Excerpts from a dataset:
- - - - -
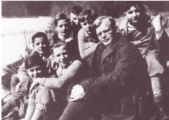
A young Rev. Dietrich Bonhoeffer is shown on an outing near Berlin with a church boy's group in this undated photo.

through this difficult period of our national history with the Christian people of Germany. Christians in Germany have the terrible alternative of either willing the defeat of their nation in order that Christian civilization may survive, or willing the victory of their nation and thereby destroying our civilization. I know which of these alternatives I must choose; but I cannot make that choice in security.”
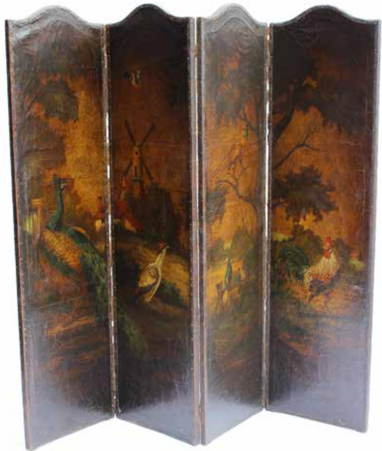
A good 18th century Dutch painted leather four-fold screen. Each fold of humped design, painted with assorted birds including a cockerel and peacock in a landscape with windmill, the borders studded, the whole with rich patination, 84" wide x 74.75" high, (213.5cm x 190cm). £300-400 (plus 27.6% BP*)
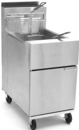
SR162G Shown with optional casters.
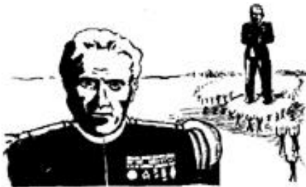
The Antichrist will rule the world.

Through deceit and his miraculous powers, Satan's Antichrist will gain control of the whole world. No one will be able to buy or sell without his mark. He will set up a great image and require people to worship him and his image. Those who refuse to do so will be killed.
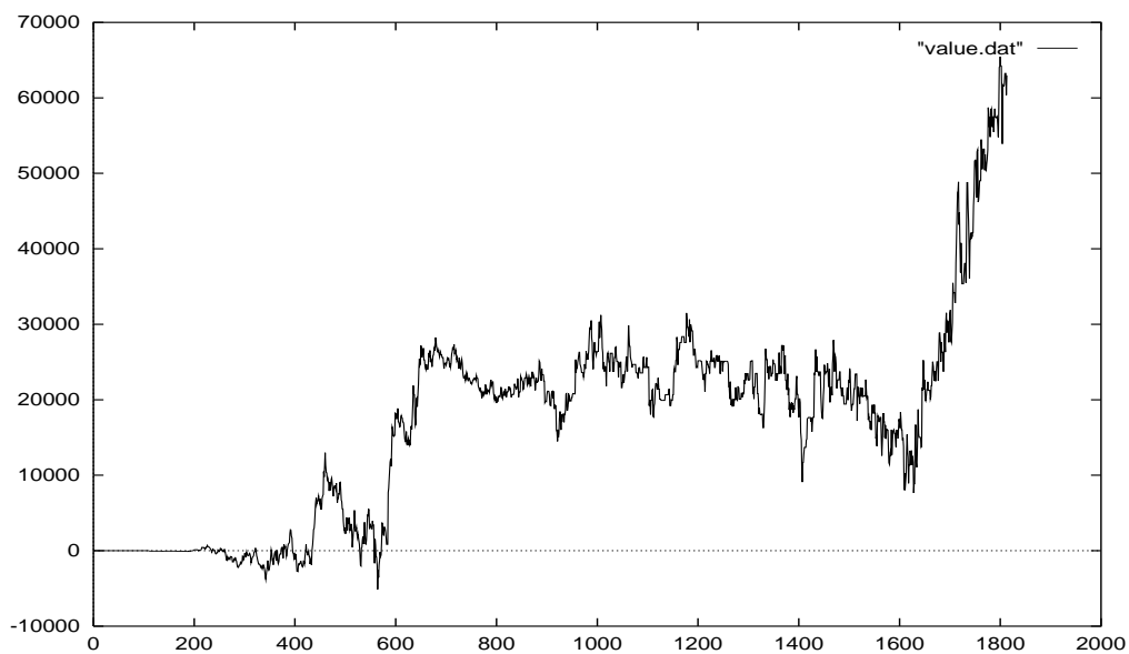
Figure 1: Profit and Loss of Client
- - - - -
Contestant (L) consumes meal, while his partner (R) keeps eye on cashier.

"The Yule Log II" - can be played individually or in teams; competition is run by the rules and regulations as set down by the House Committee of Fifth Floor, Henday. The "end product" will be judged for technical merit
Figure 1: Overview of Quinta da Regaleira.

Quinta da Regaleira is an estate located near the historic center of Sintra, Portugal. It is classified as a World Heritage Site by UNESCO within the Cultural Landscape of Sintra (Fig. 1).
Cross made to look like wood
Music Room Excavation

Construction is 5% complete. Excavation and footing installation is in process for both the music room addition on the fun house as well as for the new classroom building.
- - - - -
Problem to solve: Copy only this from above: the line containing "A young Rev.", the line containing "Figure 1: Profit and Loss of Client", and all lines between, printed exactly. Leave out the pictures.

Solution:
A young Rev. Dietrich Bonhoeffer is shown on an outing near Berlin with a church boy's group in this undated photo.

through this difficult period of our national history with the Christian people of Germany. Christians in Germany have the terrible alternative of either willing the defeat of their nation in order that Christian civilization may survive, or willing the victory of their nation and thereby destroying our civilization. I know which of these alternatives I must choose; but I cannot make that choice in security.”
A good 18th century Dutch painted leather four-fold screen. Each fold of humped design, painted with assorted birds including a cockerel and peacock in a landscape with windmill, the borders studded, the whole with rich patination, 84" wide x 74.75" high, (213.5cm x 190cm). £300-400 (plus 27.6% BP*)
SR162G Shown with optional casters.
The Antichrist will rule the world.

Through deceit and his miraculous powers, Satan's Antichrist will gain control of the whole world. No one will be able to buy or sell without his mark. He will set up a great image and require people to worship him and his image. Those who refuse to do so will be killed.
Figure 1: Profit and Loss of Client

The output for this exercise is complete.